CERTIFICATE OF AMENDMENT
TO THE RESTATED CERTIFICATE OF INCORPORATION OF
PTC THERAPEUTICS, INC.
PTC Therapeutics, Inc. (the “Corporation”), a corporation organized and existing under and by virtue of the provisions of the General Corporation Law of the State of Delaware, does hereby certify as follows:
A.The current name of the Corporation is PTC Therapeutics, Inc. The original Certificate of Incorporation was filed with the Secretary of State of the State of Delaware on March 31, 1998. The Certificate of Incorporation was most recently amended and restated on June 25, 2013.

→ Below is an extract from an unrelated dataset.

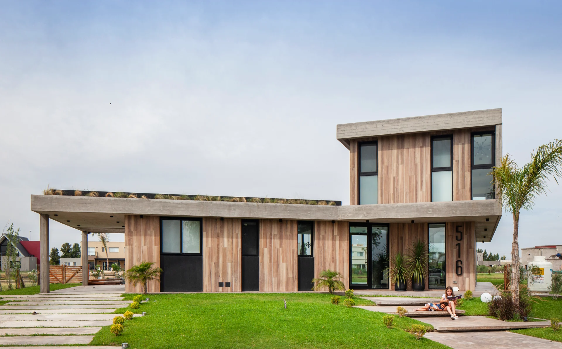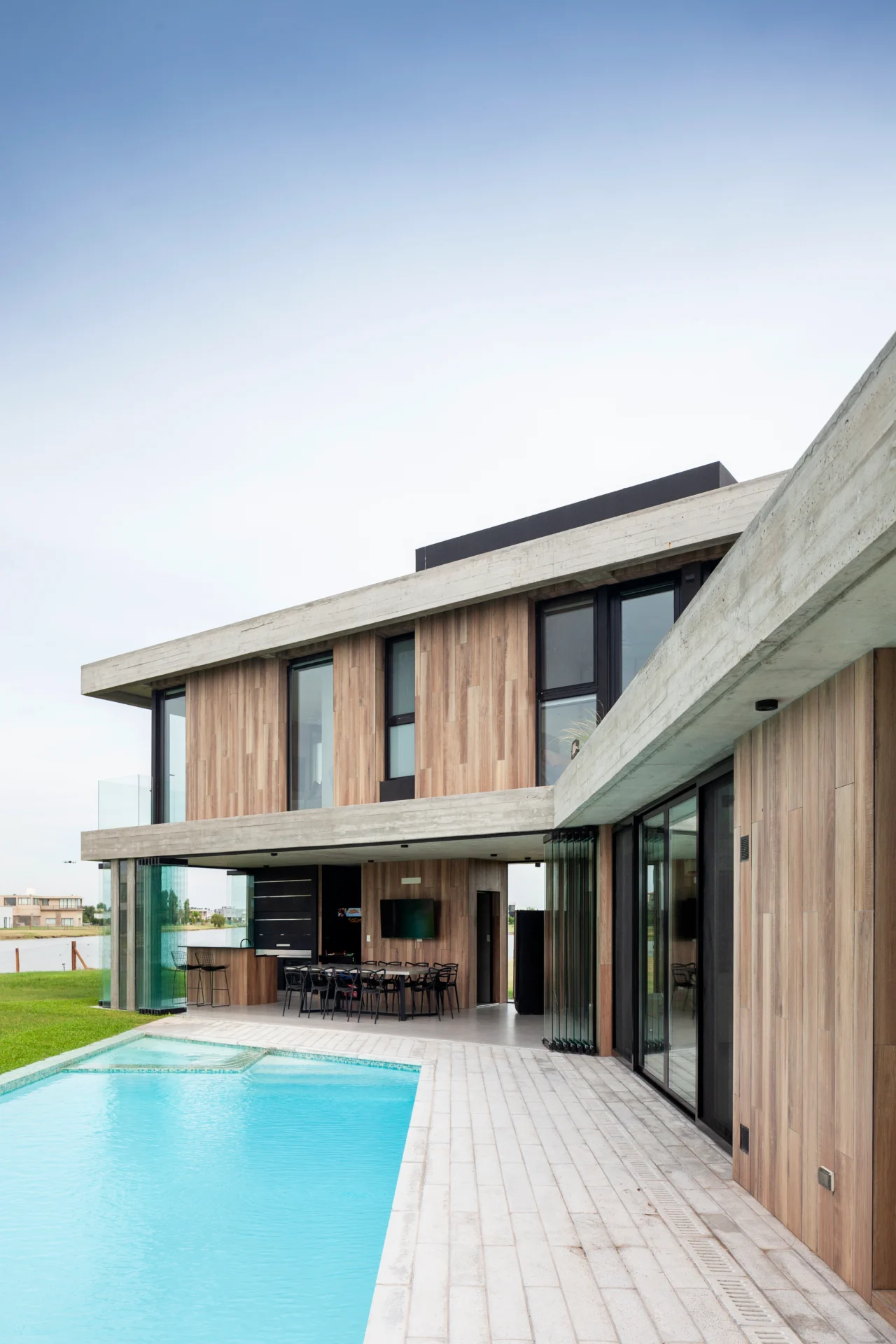 Buscamos materiales que tengan identidad propia, un buen envejecimiento, que no requieran de alto mantenimiento como el hormigon a la vista y la madera; que es un porcelanato. Estudiamos y diseñamos la manera de colocarlo para imitar lo mejor posible la madera natural.

B.The first paragraph of Article FOURTH of the Certificate of Incorporation is hereby amended in its entirety to read as follows:
“FOURTH: The total number of shares of all classes of stock which the Corporation shall have authority to issue is Two Hundred Fifty-Five Million (255,000,000) shares, consisting of (i) Two Hundred Fifty Million (250,000,000) shares of Common Stock, $0.001 par value per share (“Common Stock”), and (ii) Five Million (5,000,000) shares of Preferred Stock, $0.001 par value per share (“Preferred Stock”).”
C.That, pursuant to resolution of the Corporation’s board of directors, a meeting of the stockholders of the Corporation was duly called and held upon notice in accordance with Section 222 of the DGCL, at which meeting the necessary number of shares as required by statute were voted in favor of this Certificate of Amendment.
D.This Certificate of Amendment was duly adopted by the directors and stockholders of the Corporation in accordance with the provisions of Section 242 of the DGCL.
IN WITNESS WHEREOF, the Corporation has caused this Certificate of Amendment to the Certificate of Incorporation to be signed by the authorized officer below as of this 9th day of June, 2021.